NINTH: Whenever a compromise or arrangement is proposed between the Corporation and its creditors or any class of them and/or between the Corporation and its stockholders or any class of them, any court of equitable jurisdiction within the State of Delaware may, on the application in a summary way of the Corporation or of any creditor or stockholder thereof or on the application of any receiver or receivers appointed for the Corporation under Section 291 of Title 8 of the Delaware Code or on the application of trustees in dissolution or of any receiver or receivers appointed for the Corporation under Section 279 of Title 8 of the Delaware Code order a meeting of the creditors or class of creditors, and/or of the stockholders or class of stockholders of the Corporation, as the case may be, to be summoned in such manner as the said court directs.
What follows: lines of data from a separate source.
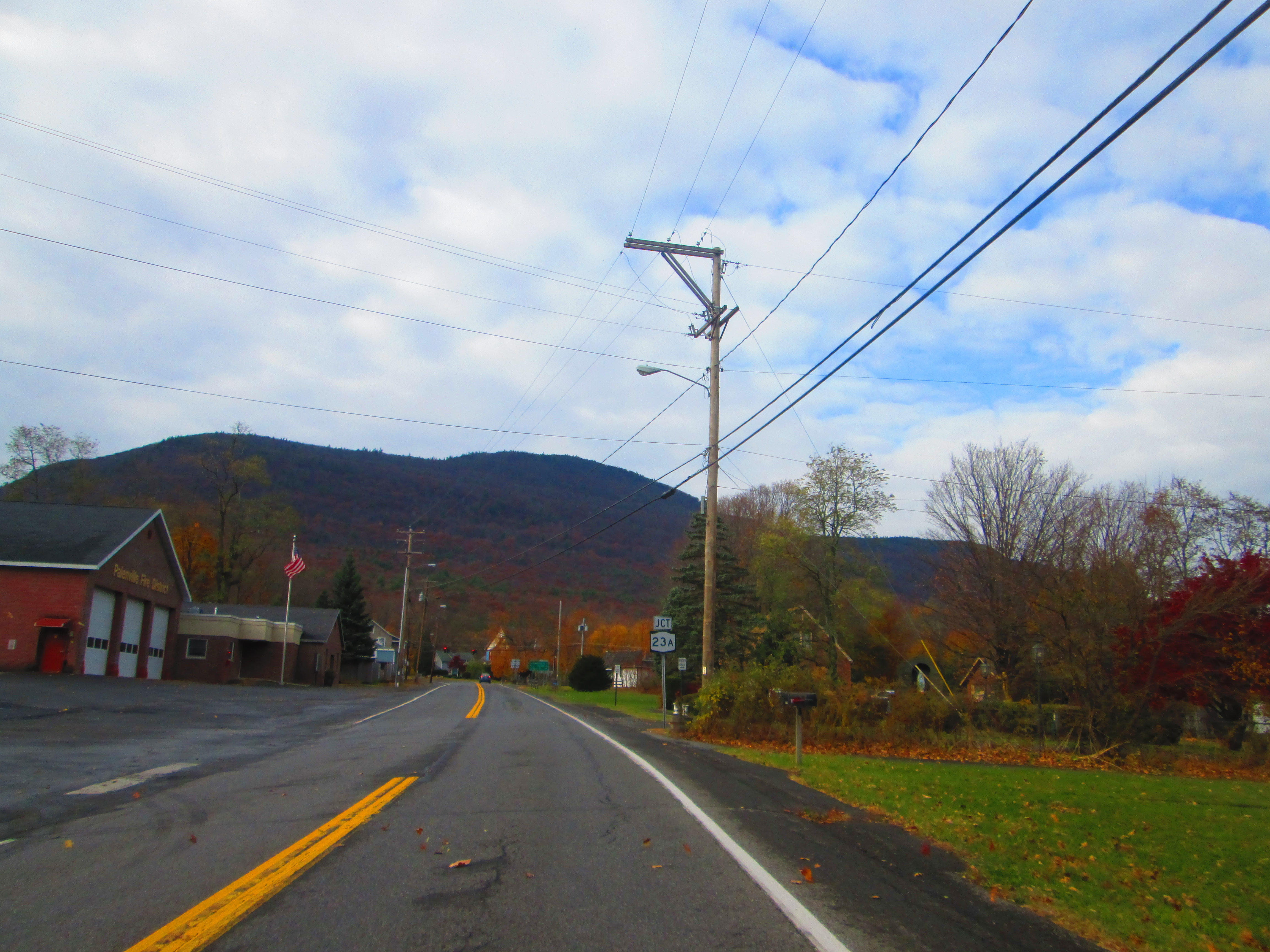 New York State Route 32A approaching the junction with NY 23A in Palenville, New York.
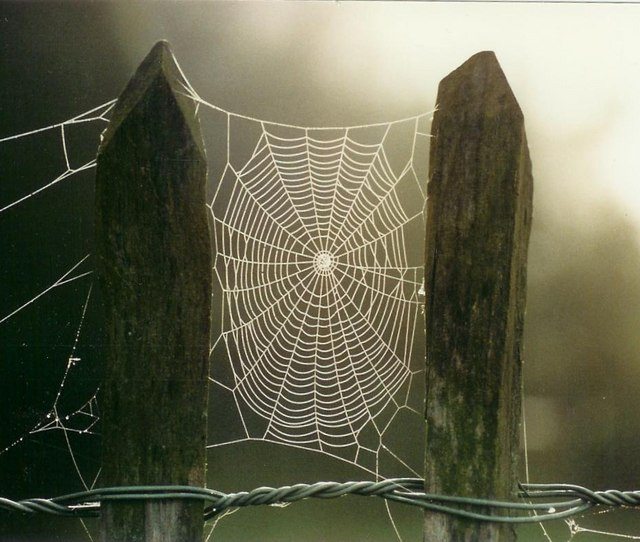 Dewy Cobweb
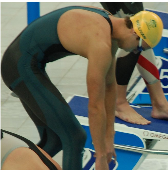 Eamon Sullivan starting the 4x100m freestyle relay at the Beijing olympic games, august 11th 2008 at the Watercube
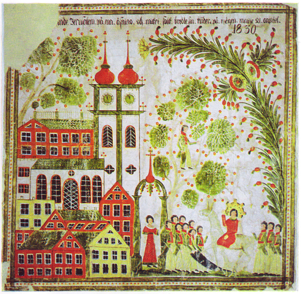 Jesus riding into Jerusalem on a donkey and many people spread their clothing on the road. Matthew 21. 1830
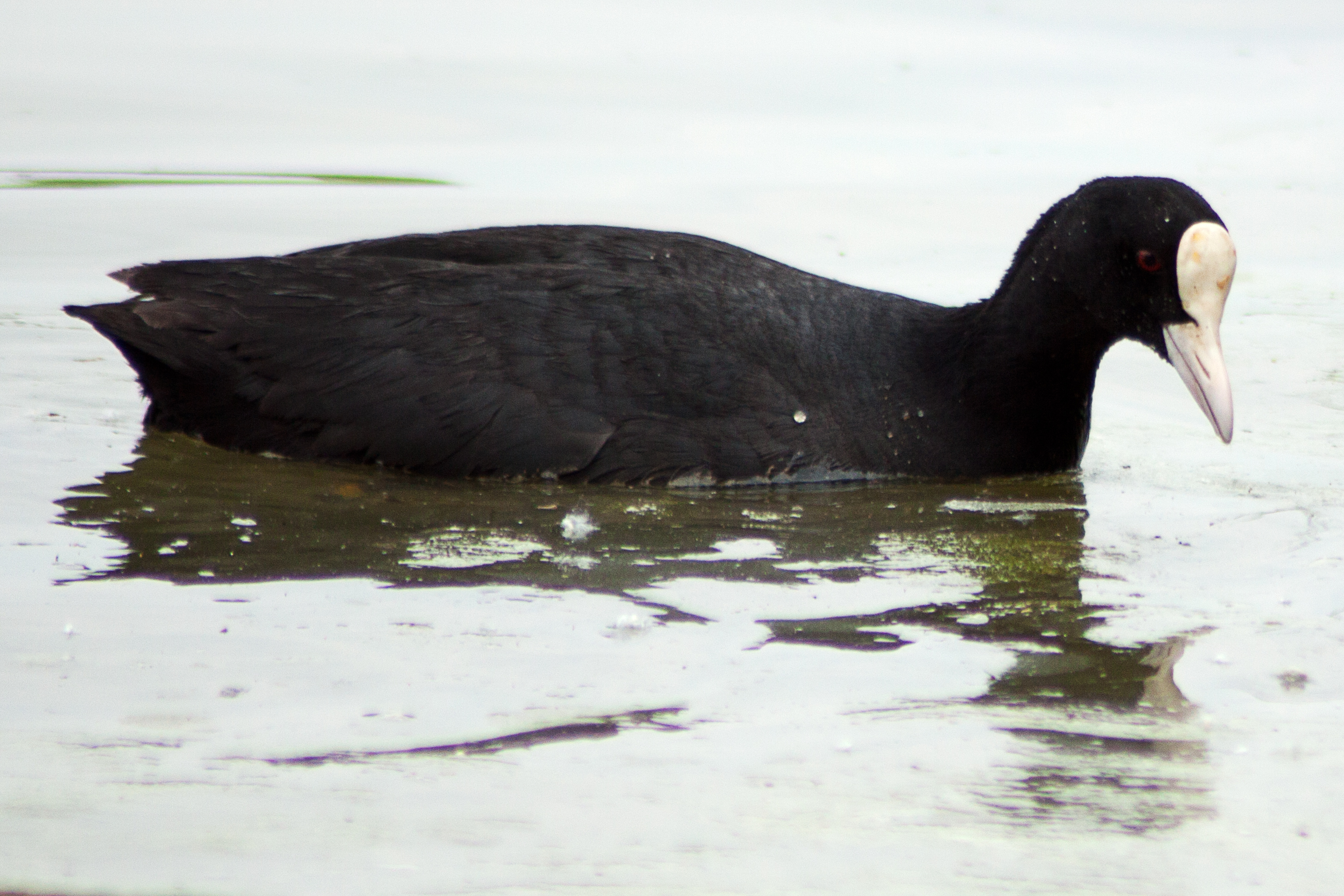 Oasi di Tivoli-Manzolino
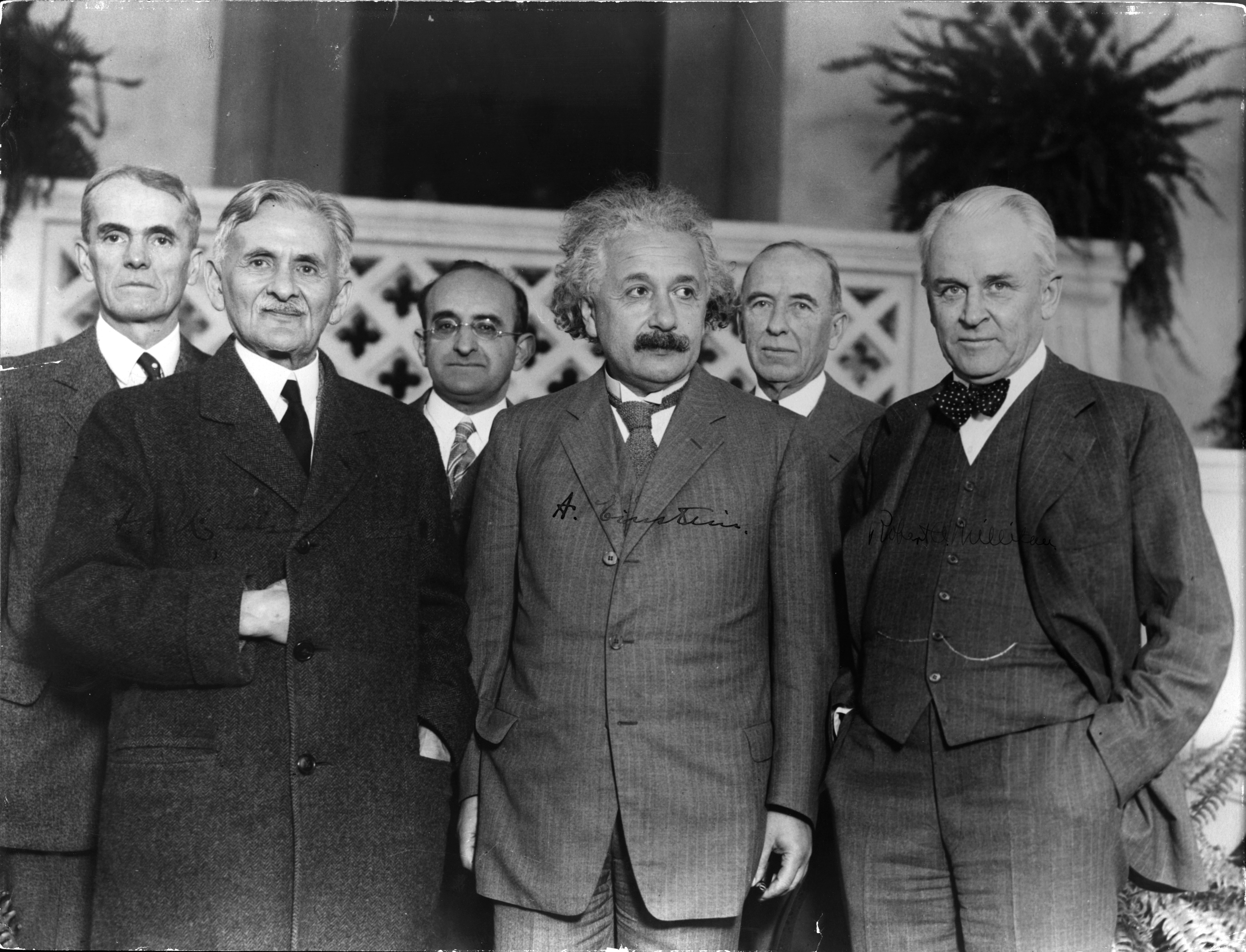 Left to Right: Walter Sydney Adams, Albert Abraham Michelson, Walther Mayer, Albert Einstein, Max Farrand, Robert Andrews Millikan Date: 1931 Repository: Smithsonian Institution Libraries Collection: Scientific Identity: Portraits from the Dibner Library of the History of Science and Technology - As a supplement to the Dibner Library for the History of Science and Technology's collection of written works by scientists, engineers, natural philosophers, and inventors, the library also has a collection of thousands of portraits of these individuals. The portraits come in a variety of formats: drawings, woodcuts, engravings, paintings, and photographs, all collected by donor Bern Dibner. Presented here are a few photos from the collection, from the late 19th and early 20th century. Accession number: SIL14-E1-10
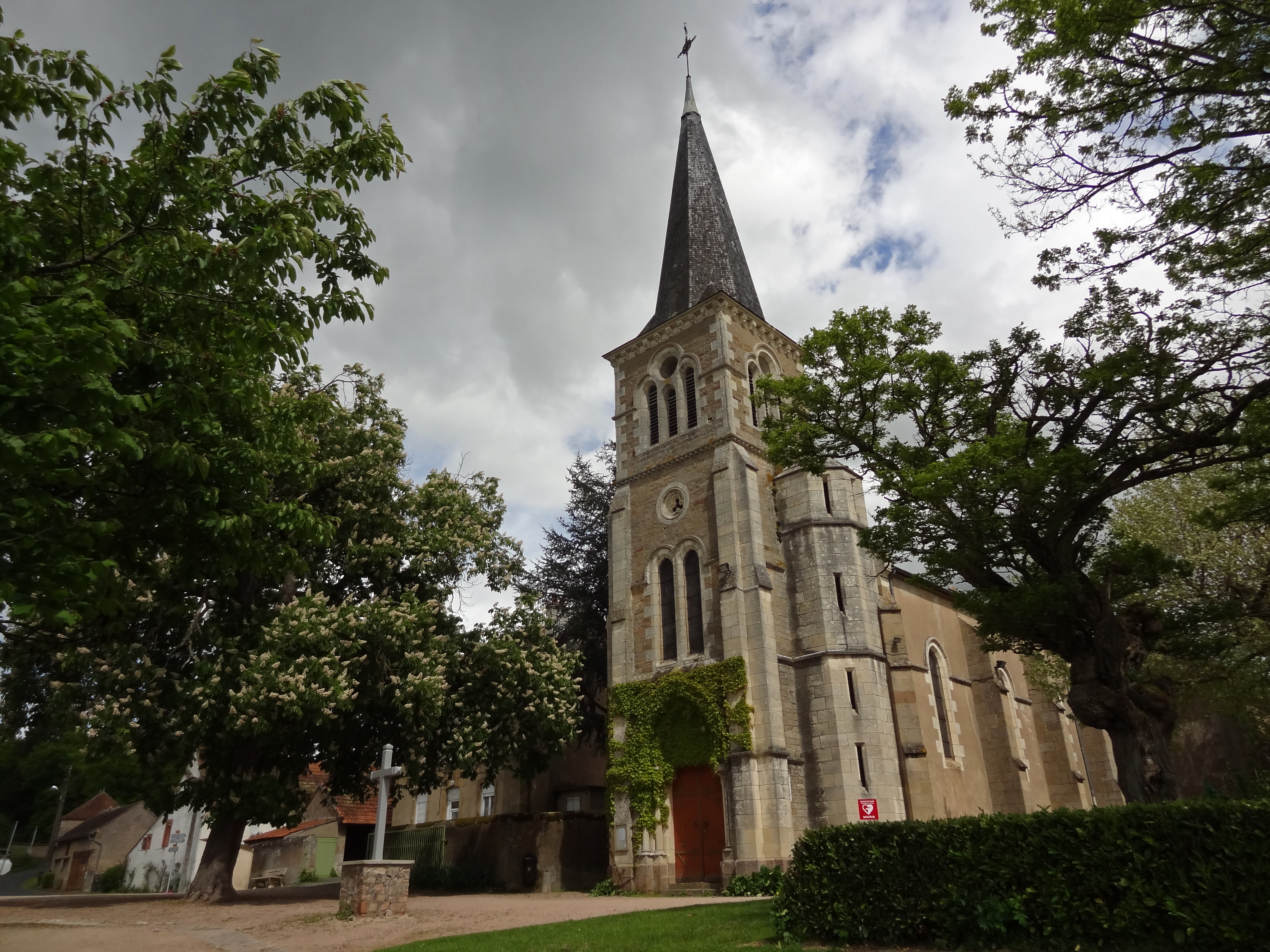 Saint-Léger church, Varennes-sur-Tèche, France
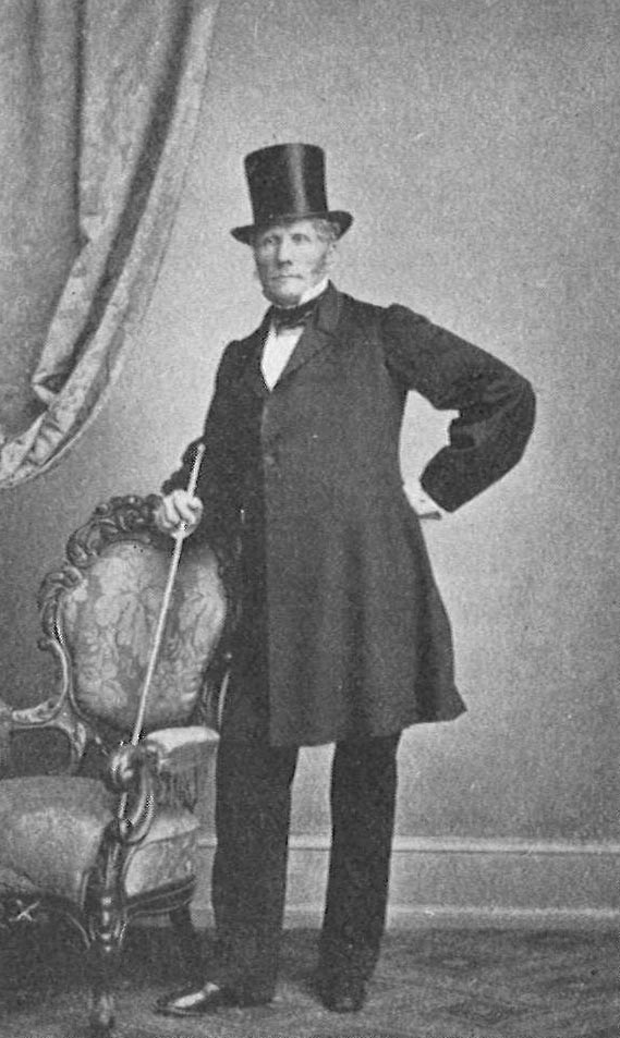 Johan Jakob Nordström (1801-1874), Finnish-Swedish academic, jurist, politician and head of the National Archives of Sweden.
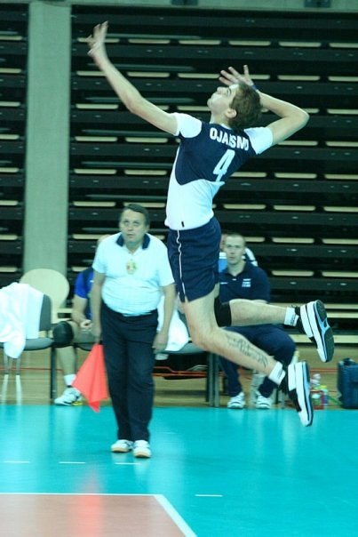 Finland national team player Olli-Pekka Ojansivu serving in Olympic Qualifications in Ukraine.
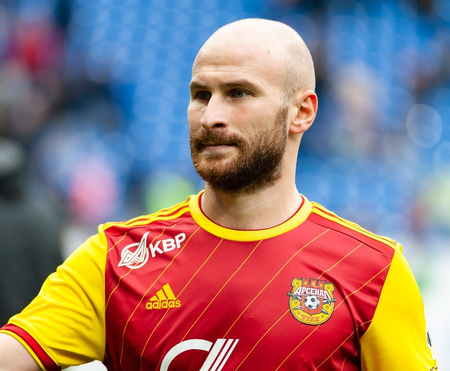 Kantemir Berkhamov with FC Arsenal Tula in a game against FC Rostov.
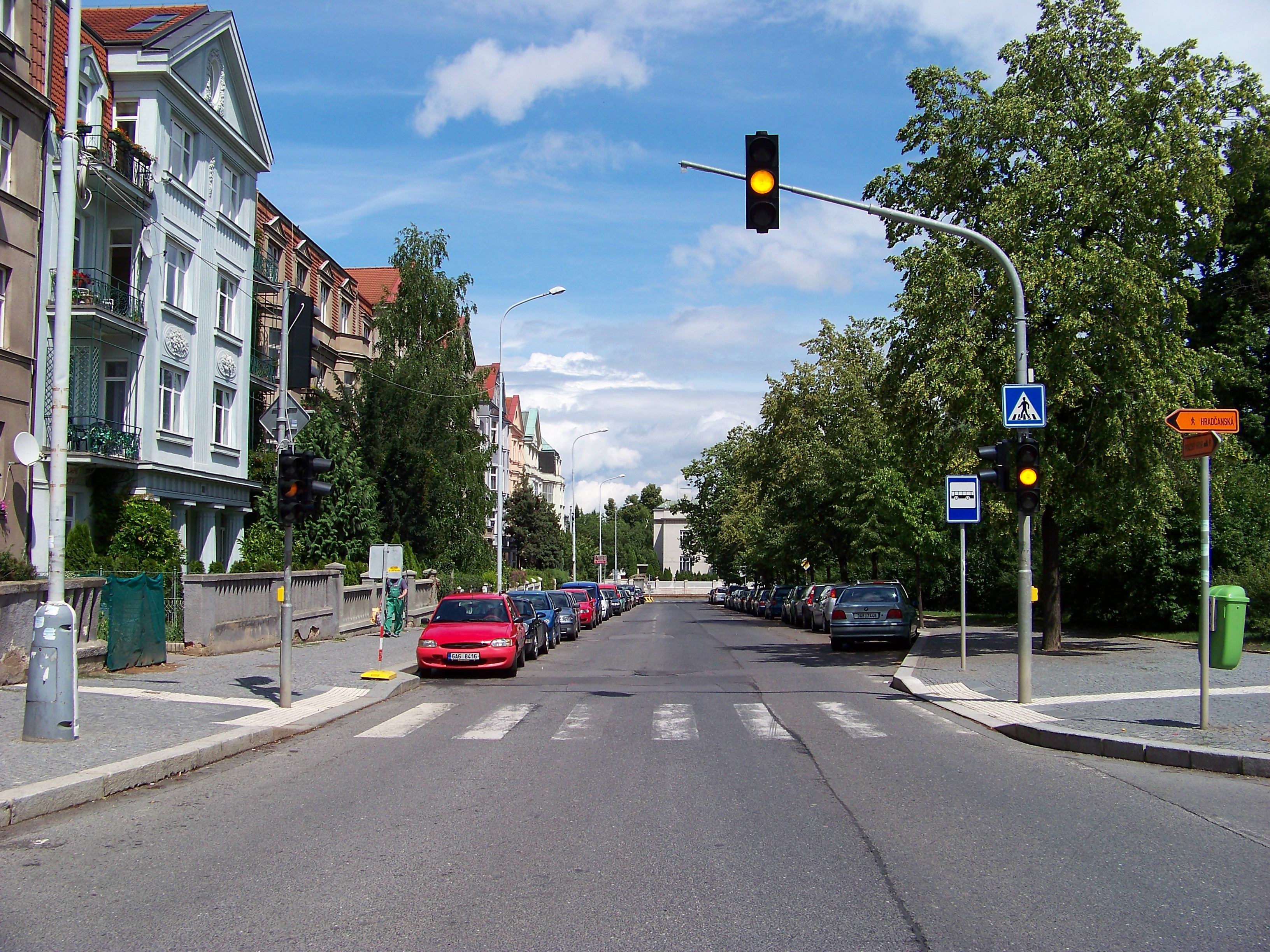 Prague-Hradčany, the Czech Republic. Na valech street.
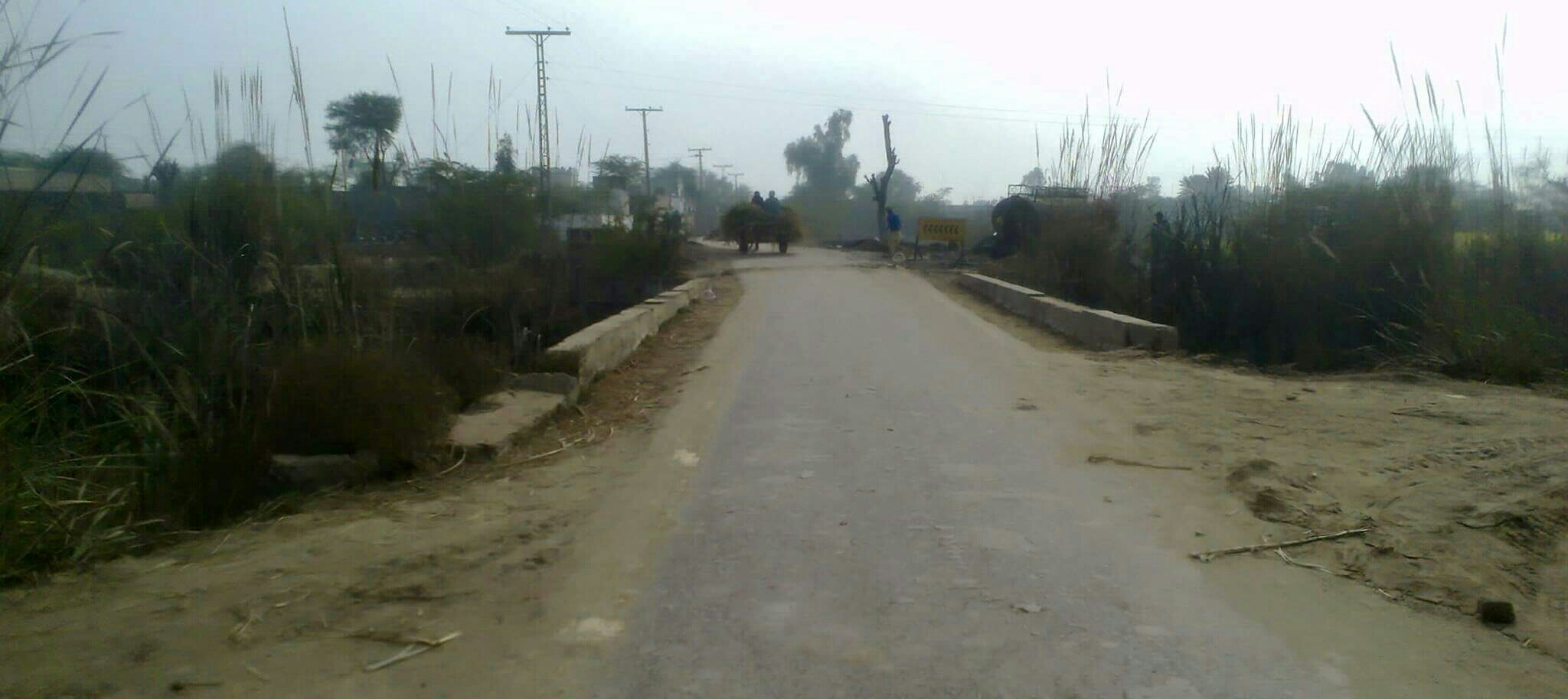 I also Uploaded this Photo on Botala Facebook Page & on website

If a majority in number representing three fourths in value of the creditors or class of creditors, and/or of the stockholders or class of stockholders of the Corporation, as the case may be, agree to any compromise or arrangement and to any reorganization of the Corporation as a consequence of such compromise or arrangement, the said compromise or arrangement and the said reorganization shall, if sanctioned by the court to which the said application has been made, be binding on all the creditors or class of creditors, and/or on all the stockholders or class of stockholders, of the Corporation, as the case may be, and also on the Corporation.

 

TENTH: Subject to the provisions set forth in Article Third, Article Fifth and Article Sixth, the Corporation reserves the right to amend and repeal any provisions contained in this Certificate of Incorporation in the manner prescribed by the laws of the State of Delaware, and all rights of stockholders shall be subject to this reservation.